===== INFORMATION GIVEN

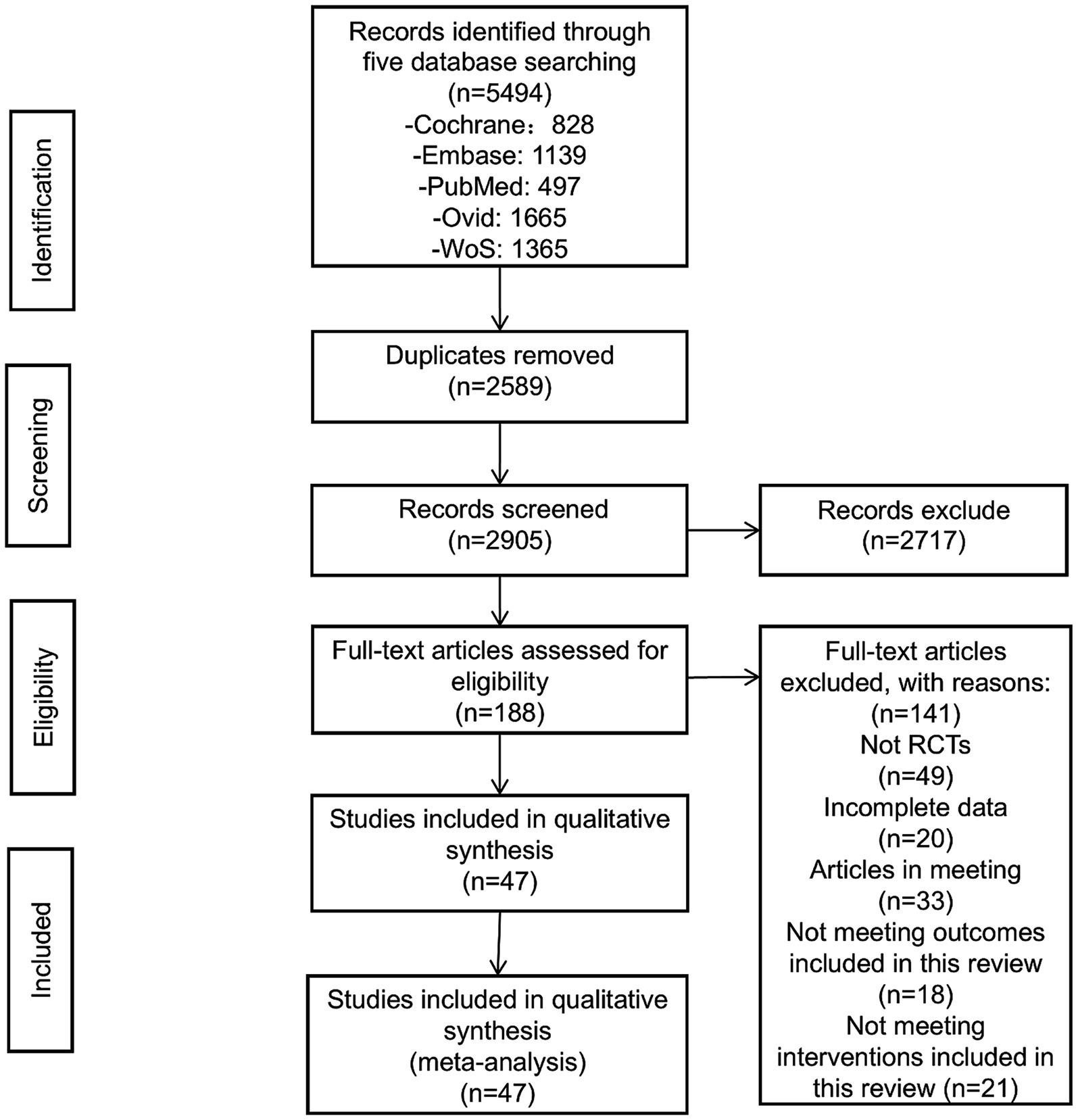 Through the established literature search strategy, an initial retrieval identified 5,494 articles. After removing duplicates, 2,905 articles remained. Upon reviewing the titles and abstracts, 2,717 articles were excluded, leaving 188 for full-text screening. After thoroughly reading the full text, articles that were not randomized controlled trials, had incomplete data, were conference proceedings, or did not meet the intervention criteria of this review were excluded, resulting in the removal of 141 articles. Finally, 47 articles were included (18–64) (Figure 1).
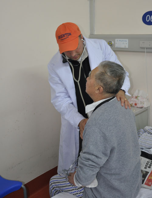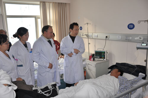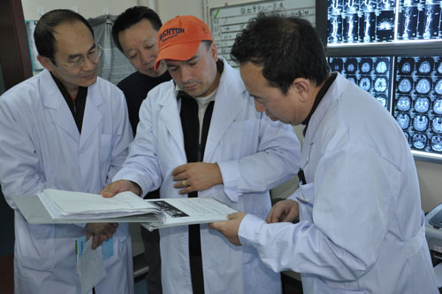 2009年11月4日,中美脑中风协作组美方专家Douglas Wirthlin前往航空中心医院脑血管中心,对患者张某某进行了术前会诊,亲自到病房为其进行检查,并参加了全科组织的病例讨论,共同商讨手术事宜。
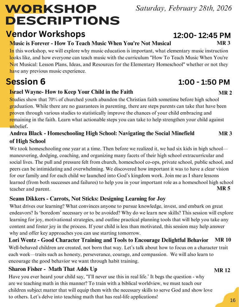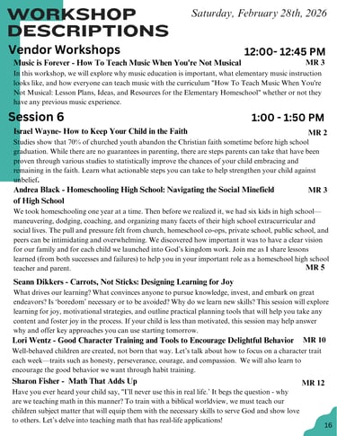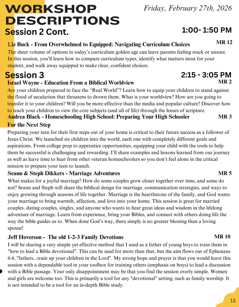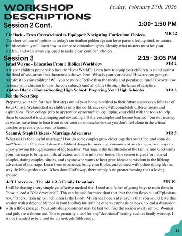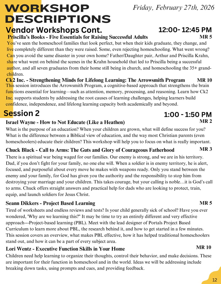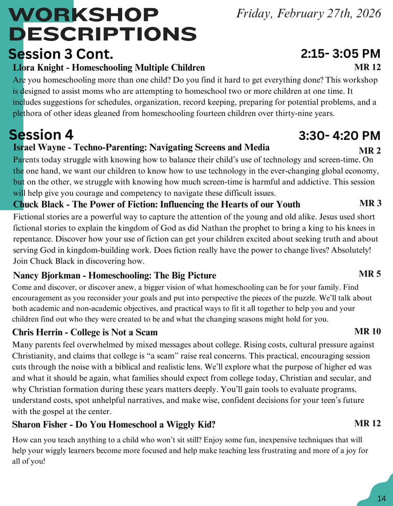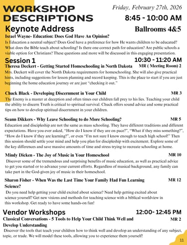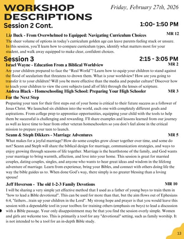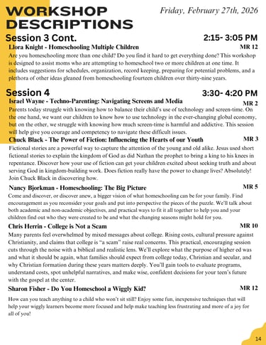 2026 Session Schedule & Descriptions
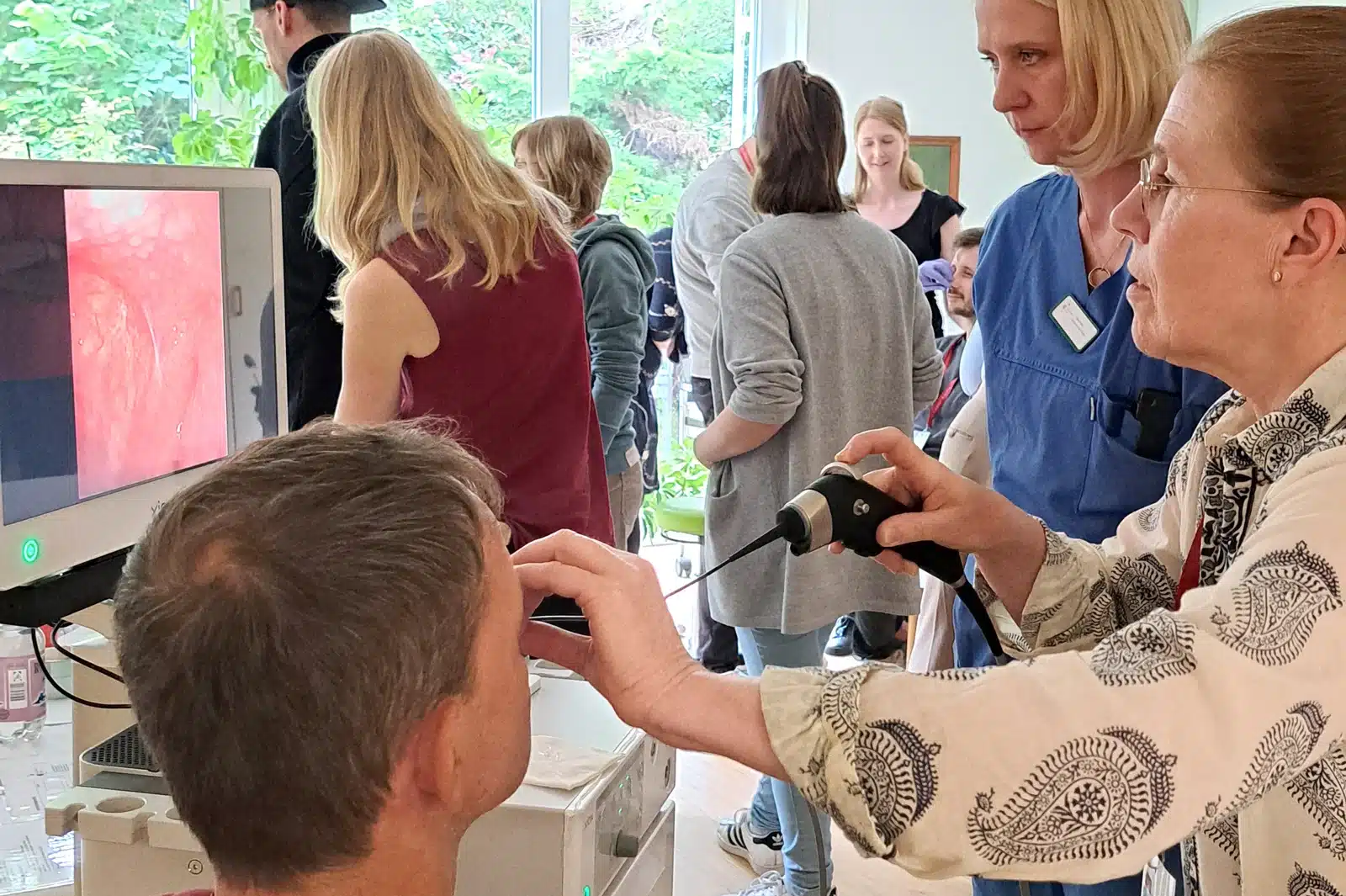 Aus diesen Gründen nimmt die fiberendoskopische Schluckuntersuchung (FEES) eine elementare Rolle in der objektiven Diagnostik, Therapie und Verlaufskontrolle von Schluckstörungen ein. Die FEES ist ein nicht-invasives Verfahren und wird interdisziplinär von Ärzt:innen und Logopäd:innen durchgeführt. Über ein dünnes flexibles Endoskop werden während der Untersuchung der Schluckakt ohne und mit Nahrung und Flüssigkeiten verschiedener Konsistenzen beurteilt.
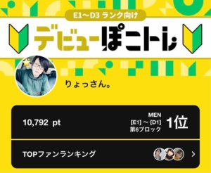 弊社所属ライバーのりょっさん。がPococha主催イベント「デビューぽこトレ」E1~D1の第6ブロックにて1位に入賞いたしました。
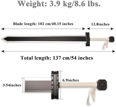 - Dimensions-Weight (with leather sheath) 3.9 kg/8.6 lbs. Overall length 137 centimeters/54 inches. Blade length 102cm/40.15 inches. Blade length 3.54 inches. Handle length 13.8 inches.
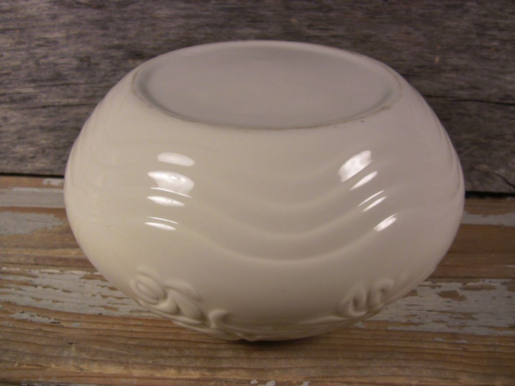 Vintage Mid Century Modern Pottery Vase White Ironstone Bowl Flowers & Waves 70s
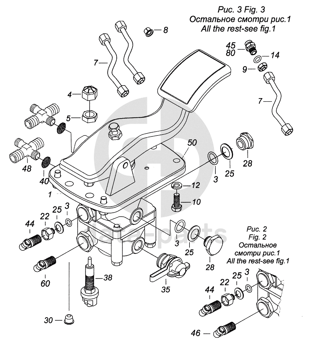 Кран КАМАЗ-ЕВРО тормозной 2-х секционный в сборе с педалью
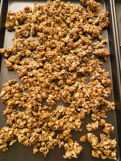 I also made two new batches of granola for tomorrow: Nutty Apple and Peanut Butter Banana. I’m selling these in 16 oz jam jars, which is about two cups. That’s a lot of granola, but if you love granola, you could eat it straight out of the jar. (BYOM — bring you’re own milk; I’ll have spoons!)
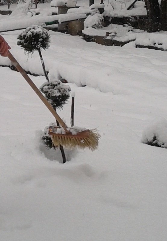 Při silném zasněžení se mohou mladé stromky nebo keře pod tíhou sněhu snadno rozlomit, proto je vhodné košťátkem omést sníh z větví nebo lehkým poklepáním setřást sněhovou pokrývku.
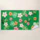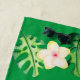 Siempre tendrás la impresión de estar en el trópico con toalla de playa de impresión tropical. Este diseño tiene hojas verdes y flores de colores en un fondo verde oscuro.
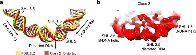 Fig. 3. Structural rearrangement of the histone core distorts the DNA at SHL 2. a Depiction of the DNA organization in the nucleosome in the X-ray structure and Class 2 cryo-EM map at SHL 2. At SHL 1.5, the DNA moves outward and toward SHL 2.5. At SHL 3.5, DNA is pulled inward and toward SHL 2.5. b Close-up view at SHL 2.5 in the Class 2 cryo-EM map. In the Class 2 map, the DNA at SHL 2.5 is less defined and does not resemble a B-DNA helix, indicating distortion in the DNA structure at SHL 2.5. At SHL 1.5 and SHL 3.5, the DNA is well resolved and resembles a B-DNA helix |
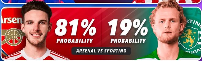 阿森纳(81%)vs 葡萄牙体育(19%),从数据看,阿森纳晋级概率最高,达到81%。枪手本赛季欧冠表现稳定,联赛阶段8战全胜,1/8决赛虽然被勒沃库森逼平,但回到主场后依然掌控局面。葡萄牙体育虽有主场之利,但想要翻盘难度极大。估计这会是阿尔特塔训练的机会,阿森纳必晋级的。
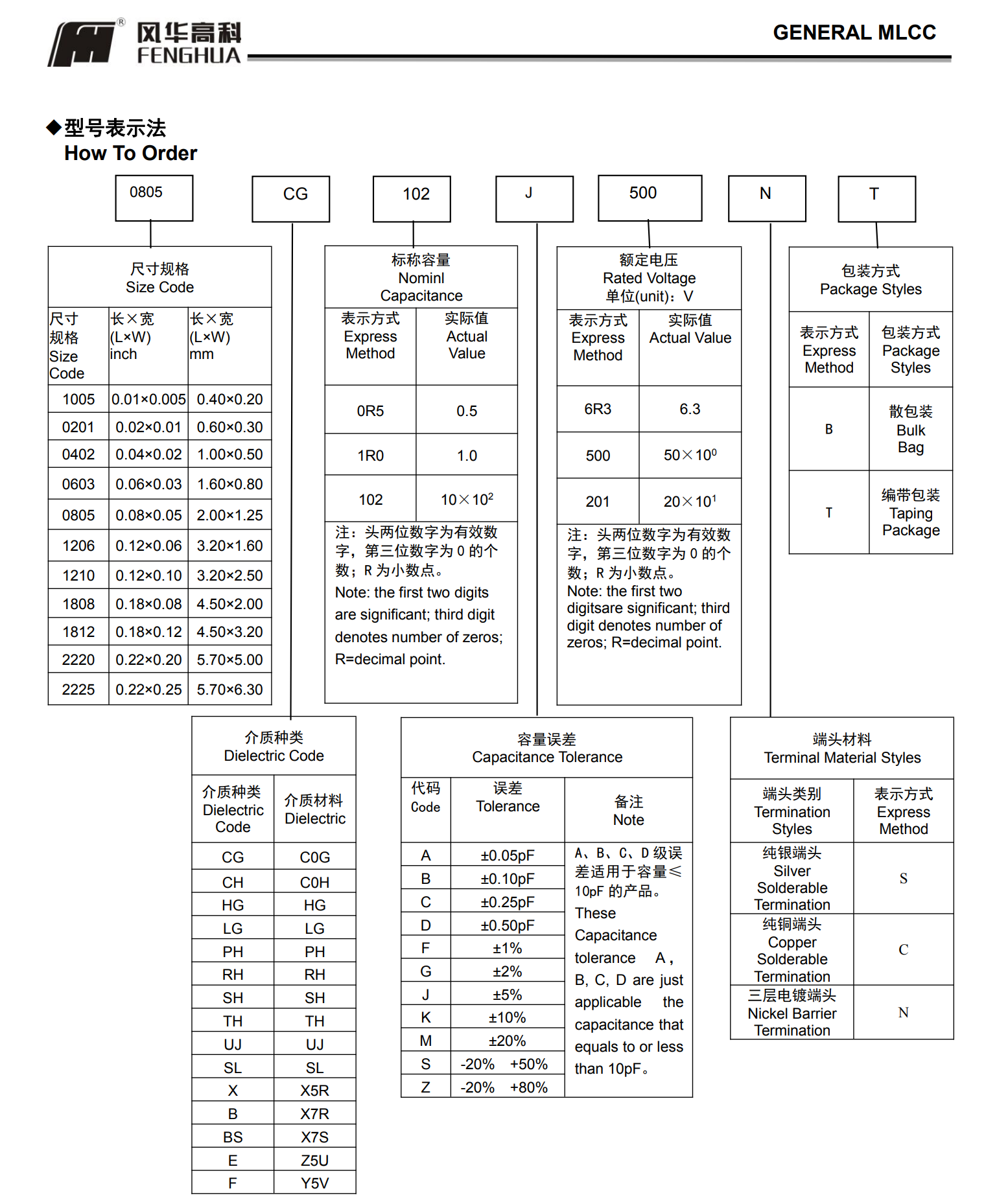 風華電容標簽規格對照表:例如風華電容型號:0805CG102500NT0805 :尺寸CG:材質102容量:1nF 500:電壓50VT:包裝方式 -編帶包裝

==========

▸ ABOUT THIS TASK
Each line from the first line of the data above through the one containing "2026 Session Schedule & Descriptions" must be set down exactly; the pictures must not be.

▸ SOLVED EXERCISE
 Through the established literature search strategy, an initial retrieval identified 5,494 articles. After removing duplicates, 2,905 articles remained. Upon reviewing the titles and abstracts, 2,717 articles were excluded, leaving 188 for full-text screening. After thoroughly reading the full text, articles that were not randomized controlled trials, had incomplete data, were conference proceedings, or did not meet the intervention criteria of this review were excluded, resulting in the removal of 141 articles. Finally, 47 articles were included (18–64) (Figure 1).
 2009年11月4日,中美脑中风协作组美方专家Douglas Wirthlin前往航空中心医院脑血管中心,对患者张某某进行了术前会诊,亲自到病房为其进行检查,并参加了全科组织的病例讨论,共同商讨手术事宜。
 2026 Session Schedule & Descriptions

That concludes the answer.